Thieving the Past: Integrating History into Creative Work
This creative session will explore the craft of creating historically informed works of fiction, poetry, digital arts, and other media. Creative writers regularly draw from the past to deepen context, to expand possibilities for material and subject matter, and to potentially illuminate connections between past and present. However, the technical process of integrating historical elements creates many challenges. This session will ask creative writers to share methods they’ve developed to make the past resonate, to energize and pattern historical detail, to maintain an authentic voice, and to make contemporary readers emotionally invest in their material.

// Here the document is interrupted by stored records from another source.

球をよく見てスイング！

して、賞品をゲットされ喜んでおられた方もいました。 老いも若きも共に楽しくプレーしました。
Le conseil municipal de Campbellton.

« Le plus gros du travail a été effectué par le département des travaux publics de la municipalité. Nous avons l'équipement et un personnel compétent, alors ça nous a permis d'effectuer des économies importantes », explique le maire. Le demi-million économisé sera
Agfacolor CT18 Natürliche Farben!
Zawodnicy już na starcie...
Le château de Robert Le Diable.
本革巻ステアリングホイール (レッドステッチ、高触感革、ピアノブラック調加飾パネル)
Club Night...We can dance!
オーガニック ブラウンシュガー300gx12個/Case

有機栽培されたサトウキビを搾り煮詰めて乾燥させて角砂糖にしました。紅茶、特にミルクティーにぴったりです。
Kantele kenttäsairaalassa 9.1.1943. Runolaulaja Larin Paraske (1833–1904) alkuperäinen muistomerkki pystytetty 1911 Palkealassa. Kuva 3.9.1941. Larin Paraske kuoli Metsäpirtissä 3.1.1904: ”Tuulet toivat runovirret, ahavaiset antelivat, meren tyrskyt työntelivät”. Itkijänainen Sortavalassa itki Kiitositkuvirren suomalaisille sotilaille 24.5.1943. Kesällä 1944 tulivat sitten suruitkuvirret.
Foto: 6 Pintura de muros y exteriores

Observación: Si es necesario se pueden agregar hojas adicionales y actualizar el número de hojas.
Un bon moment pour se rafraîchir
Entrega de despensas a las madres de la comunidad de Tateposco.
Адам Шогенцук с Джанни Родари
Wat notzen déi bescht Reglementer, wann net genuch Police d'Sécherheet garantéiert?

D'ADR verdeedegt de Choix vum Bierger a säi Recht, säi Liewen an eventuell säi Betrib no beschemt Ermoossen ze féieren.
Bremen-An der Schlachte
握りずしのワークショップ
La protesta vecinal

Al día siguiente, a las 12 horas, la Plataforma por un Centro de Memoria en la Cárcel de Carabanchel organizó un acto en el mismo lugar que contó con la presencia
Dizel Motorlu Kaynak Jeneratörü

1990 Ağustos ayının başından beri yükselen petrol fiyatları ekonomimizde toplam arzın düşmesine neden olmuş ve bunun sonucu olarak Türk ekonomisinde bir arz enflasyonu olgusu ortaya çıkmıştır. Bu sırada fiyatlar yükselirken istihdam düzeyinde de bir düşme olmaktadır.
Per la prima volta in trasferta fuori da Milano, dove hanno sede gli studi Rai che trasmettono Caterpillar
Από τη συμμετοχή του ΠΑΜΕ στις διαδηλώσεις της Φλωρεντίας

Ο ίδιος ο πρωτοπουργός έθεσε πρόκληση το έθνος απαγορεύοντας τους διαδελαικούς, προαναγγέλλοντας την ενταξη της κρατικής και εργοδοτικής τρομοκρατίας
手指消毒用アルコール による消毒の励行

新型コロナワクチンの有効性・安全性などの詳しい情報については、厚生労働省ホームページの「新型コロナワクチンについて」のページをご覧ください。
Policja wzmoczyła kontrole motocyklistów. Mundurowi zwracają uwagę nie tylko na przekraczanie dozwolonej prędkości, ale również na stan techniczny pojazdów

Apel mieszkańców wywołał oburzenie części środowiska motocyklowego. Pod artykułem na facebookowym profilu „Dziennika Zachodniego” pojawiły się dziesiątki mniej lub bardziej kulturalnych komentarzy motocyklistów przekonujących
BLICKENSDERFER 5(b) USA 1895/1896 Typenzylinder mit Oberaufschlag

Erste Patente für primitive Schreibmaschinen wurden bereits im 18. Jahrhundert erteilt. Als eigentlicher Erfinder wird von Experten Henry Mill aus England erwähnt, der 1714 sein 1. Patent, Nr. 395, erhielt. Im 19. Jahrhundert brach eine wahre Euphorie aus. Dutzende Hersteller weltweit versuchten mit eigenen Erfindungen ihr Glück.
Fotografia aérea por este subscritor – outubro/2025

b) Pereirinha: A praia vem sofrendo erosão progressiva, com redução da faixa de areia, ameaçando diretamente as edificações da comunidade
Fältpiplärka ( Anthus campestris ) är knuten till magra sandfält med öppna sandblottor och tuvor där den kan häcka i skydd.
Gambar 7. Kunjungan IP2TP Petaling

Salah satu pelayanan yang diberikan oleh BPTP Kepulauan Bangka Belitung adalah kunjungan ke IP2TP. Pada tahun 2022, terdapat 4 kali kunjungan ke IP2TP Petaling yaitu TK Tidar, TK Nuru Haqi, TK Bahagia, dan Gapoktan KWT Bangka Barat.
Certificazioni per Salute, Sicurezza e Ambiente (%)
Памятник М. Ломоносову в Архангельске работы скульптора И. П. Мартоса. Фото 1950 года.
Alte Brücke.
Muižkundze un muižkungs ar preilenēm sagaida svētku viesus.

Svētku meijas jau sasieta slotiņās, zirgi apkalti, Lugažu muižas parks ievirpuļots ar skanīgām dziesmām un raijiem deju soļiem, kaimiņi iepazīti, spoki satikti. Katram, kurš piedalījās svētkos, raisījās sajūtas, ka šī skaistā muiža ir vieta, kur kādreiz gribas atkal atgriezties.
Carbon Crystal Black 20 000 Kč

Significantly, we will also consider the important question, what responsibilities do writers have to perceived historical facts or “truths”? As we develop new work that re-envisions past events or ideas and create possibilities for broadening our understanding of history from a wider variety of voices and perspectives, what liberties can or should contemporary writers take? What elements must remain? Participants will read from their own work, discuss their creative and research process, and engage in a brief craft discussion of the historically-driven novel Manhattan Beach by Jennifer Egan, the NeMLA 2021 keynote speaker and the focus of this year’s "NeMLA Reads Together.”
To submit, please upload a proposal here: https://www.cfplist.com/nemla/Home/S/18523
The NeMLA 52 Annual conference will take place March 11-14 in Philadelphia, PA. The conference may be online or partially online.